One of the goals of building machine learning model is to accurately predict the future.

Since the future is unknown, we machine learning practitioner try to simulate task in an environment, collecting data that is as informative as possible, building the model that we think is best.

The purpose of train and test set

The trainset should represent everything that the model and the practitioner should know about the data, the features types, its observable distribution. Depend on the task and how much of the generalization property, the size and wholeness of the data distribution should be considered.

The testset, as in the name, is a test of the models abilities.

Do we need to test the ability to extrapolate from the partial distributed trainset into the unknown ? In Kaggle context, most probably yes.

Do we need to test the performance of the model, how fast it should run, how easy to deploy ? For Kaggle, usually no. In real world, yes.

Since the testset represent the unknown, evaluating the model multiple time against it reduce its usefulness as a test set.

The construction of the model validation set should be considered thoroughly. Pursposefully make the validation set look like testset undermine the testset itself, and undermine the task of building the model (How do you make thing looks like something you dont know? In this case, you suppose to not know the test set)

Kaggle Public leaderboard is not that useful

In the general sense, trainset and testset is randomly split, or is sampled based on some index (time, or space or whatever).

If the public testset is akin to trainset,then it’s redundant.
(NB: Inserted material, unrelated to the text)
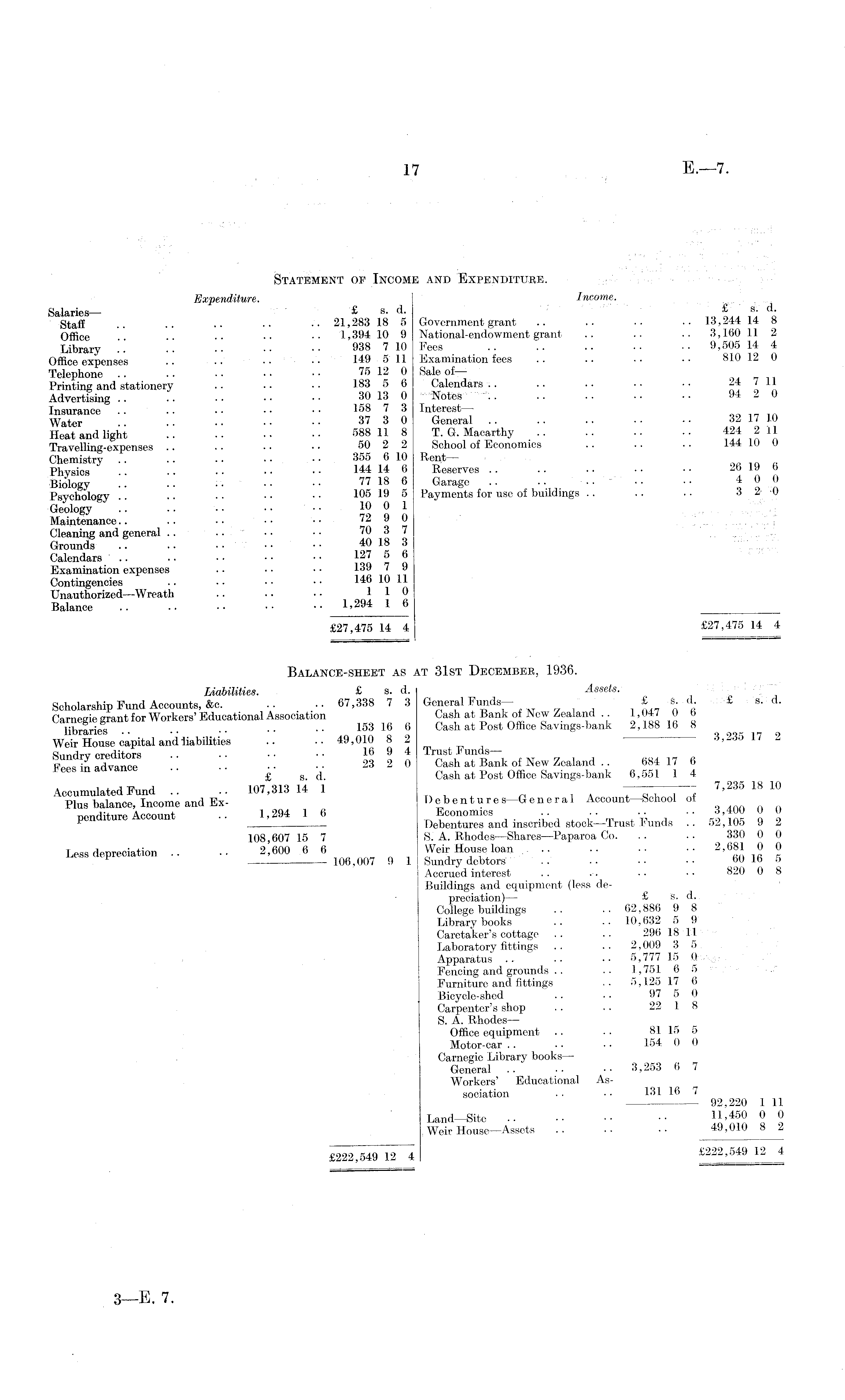 Statement of Income and Expenditure. Expenditure. Income, Salaries. £s. d. s ; Staff .. .. •• • • 21,283 18 5 Government grant .. .. •• •• 13,244 14 8 Office •• •• 1,394 10 9 National-endowment grant .. .. .. 3,160 11 2 Library .. .. •• •• 938 710 Fees .. .. .. .. •• 9,505 14 4 Office expenses .. .. ■■ 149 511 Examination fees .. .. •• 810 12 0 Telephone .. .. • • • • • • 75 12 0 Sale of— Printing and stationery .. ■ • ■ ■ 183 5 6 Calendars . . .. • • • • • • 24 711 Advertising .. .. • • • • • • 30 13 0 ' NtfSfes ■ Insurance .. .. •• •• •• I s ® 7 3 Interest Water 37 3 0 General 32 17 10 Heat and light .. .. •• 588 11 8 T. G. Macarthy .. .. .. •• 424 211 Travelling-expenses .. • • • • • • 50 22 School of Economics .. ■ • • • 144 10 0 Chemistry .. .. •• •• 355 6 10 Rent — Phvsics •. • ■ • • • • 14 6 Reserves .. .. • • • • • • 26 19 6 (Biology " • ■ 77 18 6 Garage .. .. • • • • • • 40 0 Psychology .. .. • • • • ■ • 105 19 5 Payments for use of buildings .. . . .. 3 2 0 Geology .10 0 1 Maintenance.. .. • • • • 72 9 0 Cleaning and general .. .... .. 70 3 7 Grounds .. • • .... .. 40 18 3 Calendars .. .. ■ • • ■ • • 127 5 6 Examination expenses . • • • • • 139 " 9 Contingencies .. • • • • • • 146 10 11 Unauthorized —Wreath .. • • • • 110 Balance 1» 294 1 6 £27,475 14 4 £27,475 14 4 Balance-sheet as at 31st December, 1936. Liabilities. £ s» d. * Scholarship Fund Accounts, &c. .. 67,338 7 3 General Funds- £ fc-d. £ s. d. Carnegie grant for Workers' Educational Association Cash at Bank of New Zealand 1,047 0 b libraries .. •• •• •• 153 16 6 Cash at Post Office Savings-bank 2,188 16 8 Weir House capital and liabilities •• 49,010 8 2 3,235 17 2 Snnrlrv creditors . •• •• lb 9 4 Trust iunds — r advance 23 2 0 Cash at Bank of New Zealand .. 684 17 6 £ s. d. Cash at Post Office Savings-bank 6,551 14 Accumulated Fund .. .. 107,313 14 1 . . „ , , f 7 >235 I s 10 Plus balance, Income and Ex- Debentures-General Account—School of Tipriditure Account .. 1,294 1 6 Economics .. •• •• 3,400 0 0 penditure Account , Debentures and inscribed stock—Trust Funds .. 52,105 9 2 108,607 15 7 S.A.Rhodes —Shares —Paparoa Co. .. •• 330 0 0 Less depreciation .. .. 2,600 6 6 Weir House loan 2,681 0 0 . 106,007 9 1 Sundry debtors .. •• •• 60 16 5 Accrued interest .. • • • • 820 0 8 Buildings and equipment (less depreciation) — £ s. d. College buildings .. .. b2,886 9 8 Library books .. •• 10,632 5 9 Caretaker's cottage .. .. 296 18 11 Laboratory fittings .. .. 2,009 3 5 . Apparatus .. .. •• 5,777 15 O'sa; . Fencing and grounds .. .. 1,751 6 5 Furniture and fittings .. 5,125 17 6 Bicycle-shed .. • • 97 5 0 Carpenter's shop .. • • 22 1 8 S. A. Rhodes — Office equipment .. ■ • 81 15 5 Motor-car .. • • • • 154 0 0 Carnegie Library books — General .. • • • • 3,253 6 7 Workers' Educational Association .• •• 131 16 7 92,220 1 11 Land-Site IMSO 0 0 I Weir House —Assets .. •• •• 49,010 8 2 £222,549 12 4 £222,549 12 4

And if the public testset reveals something about the private one, then it’s leakage, in the sense that it undermines the true purpose of the (unseen data) testset.

It’s up to the organizer to decided that the leakage is desirable or not.

Also that when the public leaderboard testset does not look like train or test set, then the discrepancy creates shakeups and huge disappointment at the end of the day.

This free-to-probe leaderboard data also encourage trial-and-error kind of approach. I agree that it works. But it also discourages the development of rigorous and well thought out approaches.

Solutions

Get rid of the public leaderboard altogether. All you got there folks is the trainset. That place a big responsibility on the organizer shoulder to construct a train and test set that makes sense.

Also, doing so reduce the thrill, the feel of competing and self gratification you reward yourself on beating other teams.

A suggestion would be doing round-based evaluation, says, each week of the competition. That would reduce the probing effect, force the competitor to be more scientifically constructive in their solution. When evaluation is expensive, the competitor will spend them more wisely.

Written on August 23, 2019